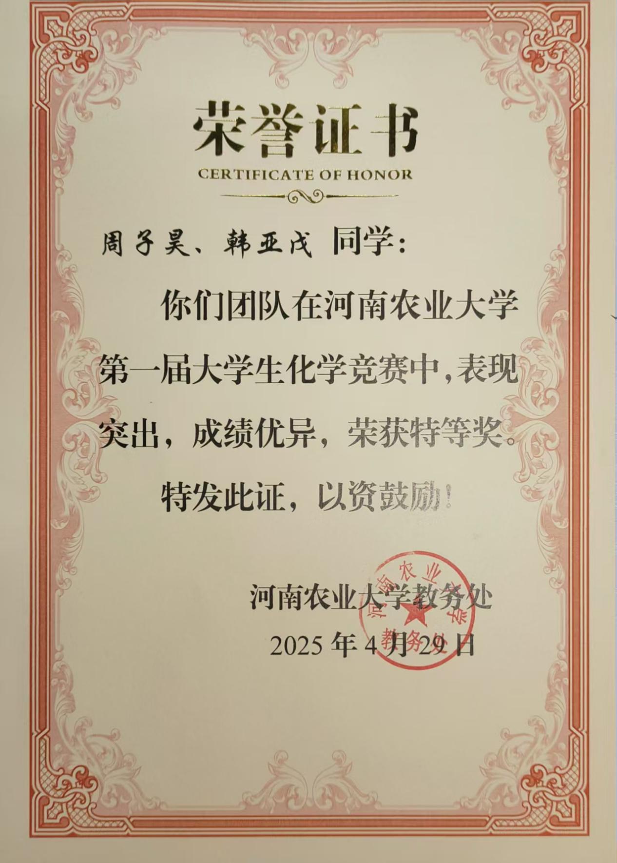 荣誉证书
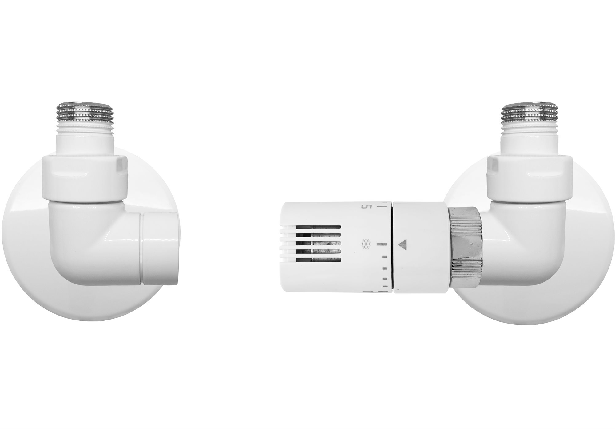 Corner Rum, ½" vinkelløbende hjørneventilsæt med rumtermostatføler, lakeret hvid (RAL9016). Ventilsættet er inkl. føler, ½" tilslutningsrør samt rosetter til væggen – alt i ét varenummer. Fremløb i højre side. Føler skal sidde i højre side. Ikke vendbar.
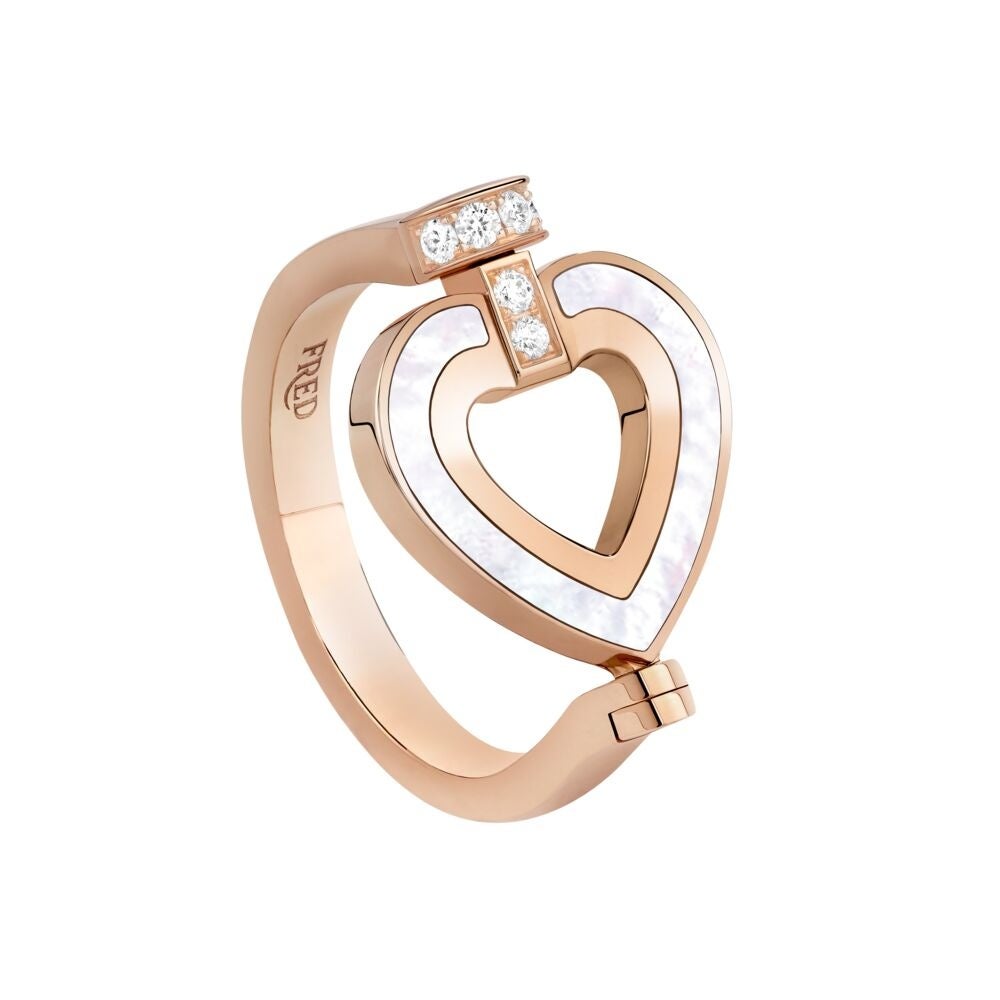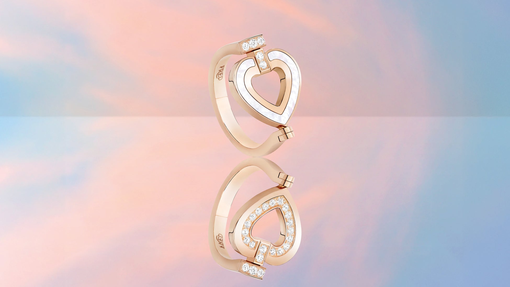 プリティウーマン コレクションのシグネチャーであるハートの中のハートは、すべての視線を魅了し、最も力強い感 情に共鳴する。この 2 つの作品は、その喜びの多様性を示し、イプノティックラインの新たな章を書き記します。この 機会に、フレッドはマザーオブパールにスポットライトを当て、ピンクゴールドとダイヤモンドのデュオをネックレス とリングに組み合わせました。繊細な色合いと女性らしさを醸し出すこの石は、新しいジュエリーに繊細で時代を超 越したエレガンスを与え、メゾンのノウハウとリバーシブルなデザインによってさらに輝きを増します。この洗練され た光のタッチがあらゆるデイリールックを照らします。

...

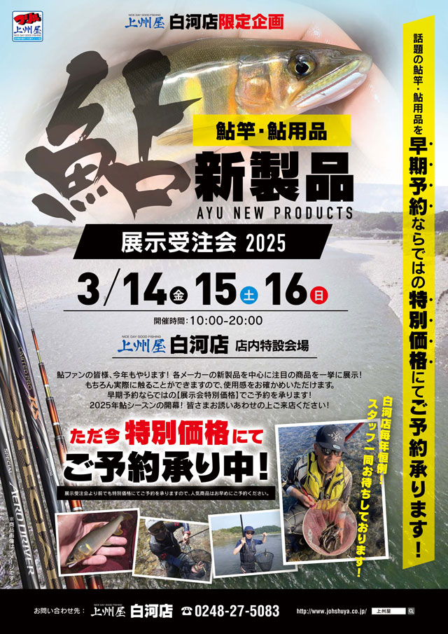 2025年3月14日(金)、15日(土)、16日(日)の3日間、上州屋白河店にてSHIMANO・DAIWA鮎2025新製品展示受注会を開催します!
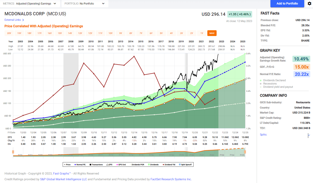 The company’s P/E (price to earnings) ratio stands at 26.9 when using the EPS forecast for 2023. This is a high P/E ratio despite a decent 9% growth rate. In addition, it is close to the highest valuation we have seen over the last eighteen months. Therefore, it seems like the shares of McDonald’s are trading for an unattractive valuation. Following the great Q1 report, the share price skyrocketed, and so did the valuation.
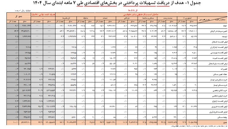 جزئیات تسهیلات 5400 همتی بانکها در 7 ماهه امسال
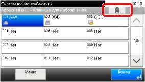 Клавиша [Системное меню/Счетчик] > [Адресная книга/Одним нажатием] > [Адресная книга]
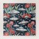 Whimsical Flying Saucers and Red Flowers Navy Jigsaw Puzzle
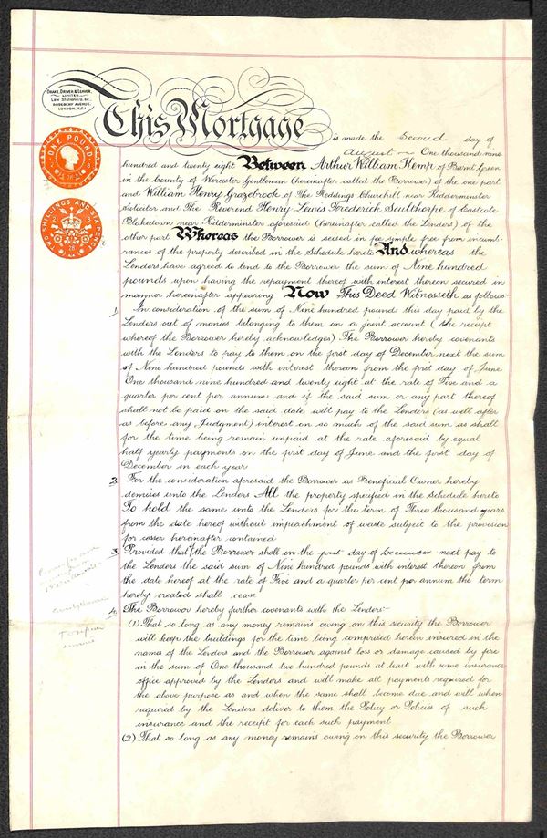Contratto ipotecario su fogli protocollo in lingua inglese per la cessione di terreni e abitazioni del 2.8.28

What you are asked to do: In the data above, retype only the stretch from the line with "Whimsical Flying Saucers" through the line with "Contratto ipotecario su", word for word, and skip any pictures.

Response:
 Whimsical Flying Saucers and Red Flowers Navy Jigsaw Puzzle
Contratto ipotecario su fogli protocollo in lingua inglese per la cessione di terreni e abitazioni del 2.8.28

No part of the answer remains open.